На пакетботе я узнал, что пассажиров будет очень много, причем число дам среди них заметно превышало обычное. В списке я заметил фамилии нескольких моих знакомых и с большим удовольствием обнаружил, что моим спутником будет также мистер Корнелий Уайет, молодой художник, к которому я питал чувство живейшей дружбы. Мы вместе учились в Ш-ском университете, где были почти неразлучны. Он обладал темпераментом, обычным для гениев, и натура его слагалась из мизантропии, впечатлительности и пылкости. К этим качествам следует добавить еще самое горячее и верное сердце, какое когда-либо билось в человеческой груди.

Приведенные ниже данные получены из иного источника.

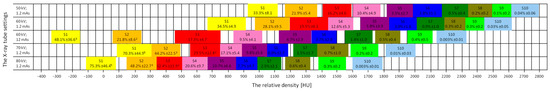 In the plot presented in Figure 7, the relation between %color pixels between X-ray tube settings and ranges of the relative density are summarized for all steps of the density standard. Each colored box on the plot represents the color and HEX code assigned to the consecutive steps of the density standard. The range of each colored box covers the respective range of the relative density and is supported by the %color pixels and the number of occurrences of background artifacts. For 50 kV; 1.2 mAs settings, the ranges of relative density start at approximately 880 HU and cover almost the entire range of relative densities up to approximately 2800 HU, with no background artifacts observed. For 60 kV; 1.2 mAs settings, the ranges of relative density start at approximately 680 HU and end at approximately 2500 HU, also covering almost the entire range of relative densities with no background artifacts. For 60 kV; 12 mAs settings, the ranges of relative density start at approximately −330 HU and end at approximately 2300 HU. However, both scale dispersion and lack of full relative density range coverage and background artifacts are visible. For 70 kV; 1.2 mAs settings, the ranges of relative density start at approximately 90 HU and cover almost the entire range of relative densities up to approximately 2000 HU, with background artifacts. For 80 kV; 1.2 mAs settings, the ranges of relative density start at approximately −100 HU and end at approximately 1800 HU, also covering almost the entire respective range. However, also background artifacts are observed. In this summary, one may observe the shift in color annotations from negative HU values for 60 kV; 12 mAs and 80 kV; 1.2 mAs settings to the highest positive HU values for the 50 kV; 1.2 mAs setting. The coverage of relative density ranges is adjacent for 50 kV–80 kV; 1.2 mAs and increases on the HU scale from 50 kV; 1.2 mAs to 80 kV; 1.2 mAs. For 60 kV; 12 mAs, one can notice a scattering of coverage of relative densities with the successive steps (Figure 7).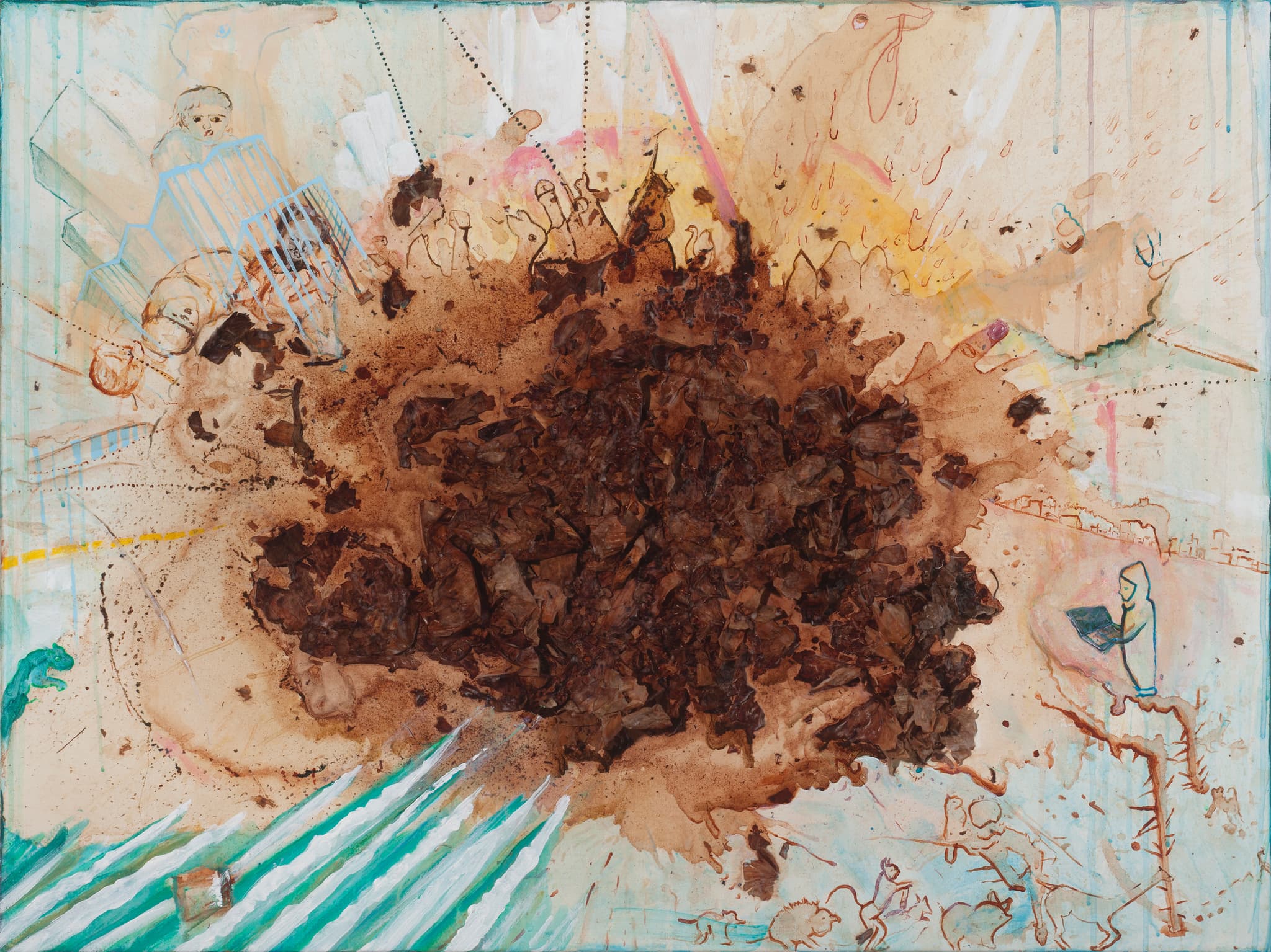 MNO: Well, when it’s all dry, I lift the canvas or paper up. And some of the onion skins fall off, some of them don’t, and so I work with that. It is very much a conversation. The work is in control of me as much as I am in control of it. And so I look at the onion skin stains and the markings left behind, and then I start to imagine. Either events from history or something I heard on the news or almost anything, although they revolve around certain themes, such as displacement, genocide, creativity.
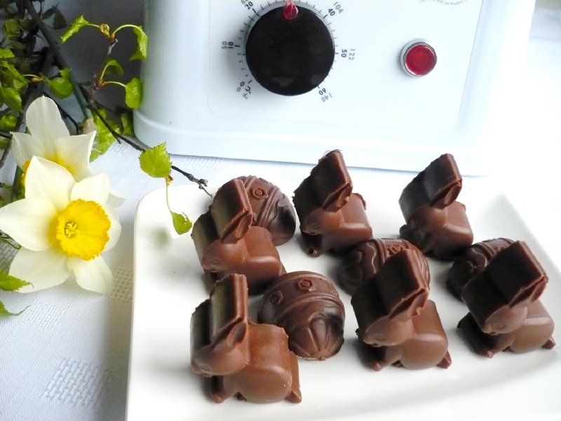 Tento přístroj usnadní práci všem, kteří čokoládu používají na výrobu různých pralinek, na polévaní dortů a jiných moučníků, při přípravě cukroví a třeba namáčení ovoce, včetně toho sušeného. Věřím, že budete s přístrojem spokojeni, tak jako já. V eshopu jsou v nabídce i kvalitní teploměry určené pro práci s čokoládou a taktéž různé nástroje, jako napichovátka, očka a vidličky. Pro ty z Vás, kteří pracujete s menším množstvím čokolády, tak je v nabídce temperovací přístroj menší velikosti. M.F.
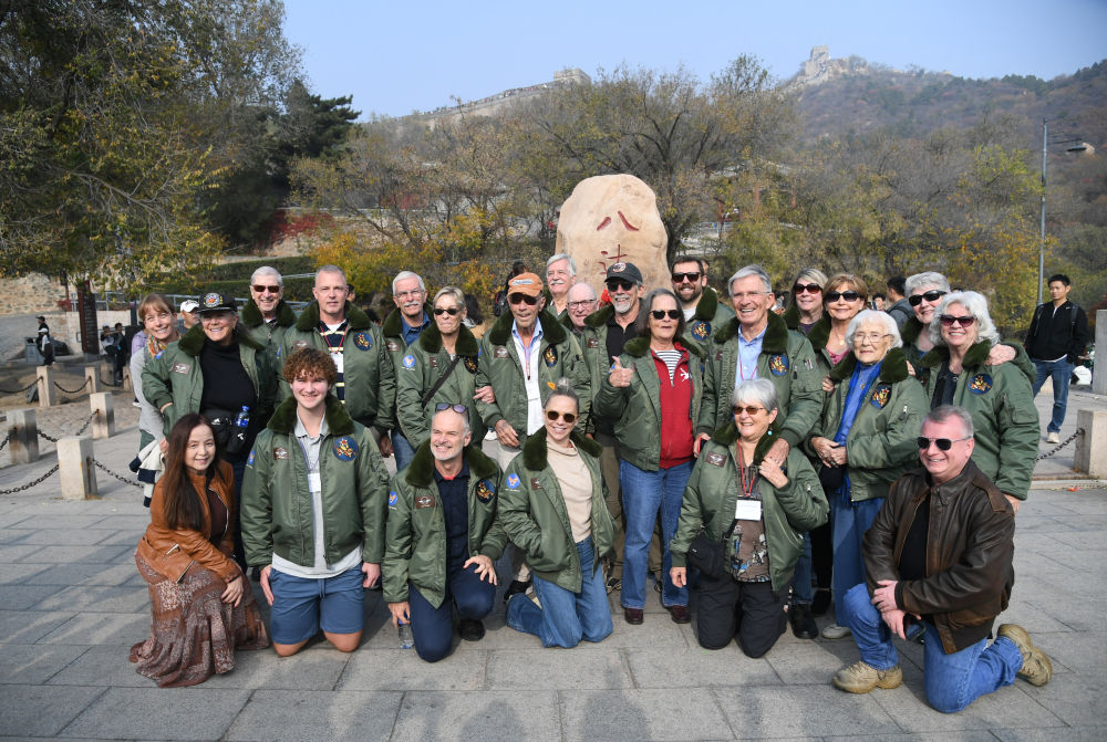 2023年10月29日,飛虎隊(duì)老兵莫耶一行人在北京八達(dá)嶺長城合影留念。當(dāng)日,美中航空遺產(chǎn)基金會(huì)訪華代表團(tuán)成員陸續(xù)抵達(dá)北京。新華社記者 任超 攝

Я заметил, что его фамилией были помечены целых три каюты, и, вновь обратившись к списку пассажиров, узнал, что он едет не один, но с женой и двумя своими сестрами. Каюты были достаточно просторны, и в каждой имелось по две койки – одна над другой. Правда, койки эти были настолько узки, что на каждой мог уместиться только один человек, но тем не менее я не понимал, почему этим четырем людям понадобились три каюты, а не две. Тем летом мною владело то мрачное душевное настроение, которому нередко сопутствует неестественное любопытство ко всяким пустякам, и со стыдом сознаюсь, что по поводу этой лишней каюты я строил немало не делающих мне чести нелепых предположений. Разумеется, меня все это нисколько не касалось, однако я упрямо продолжал ломать голову над тайной лишней каюты. Наконец я нашел отгадку и даже удивился тому, что такое простое решение не пришло мне в голову раньше. «Конечно же, с ними едет горничная! – сказал я себе. – Как глупо было с моей стороны не подумать об этом сразу!» Я еще раз справился со списком, но оказалось, что они отправляются в путь без прислуги, хотя первоначально и собирались взять с собой служанку, ибо в список были внесены, а затем вычеркнуты слова «с горничной». «О, все дело, без сомнения, в лишнем багаже! – сказал я себе. – Что-то из своих вещей он не хочет везти в трюме и предпочитает хранить возле себя… А, понимаю! Какая-нибудь картина… Так вот о чем он вел переговоры с Николини, итальянским евреем!» Такой вывод вполне меня удовлетворил, и этот пустяк перестал тревожить мое любопытство.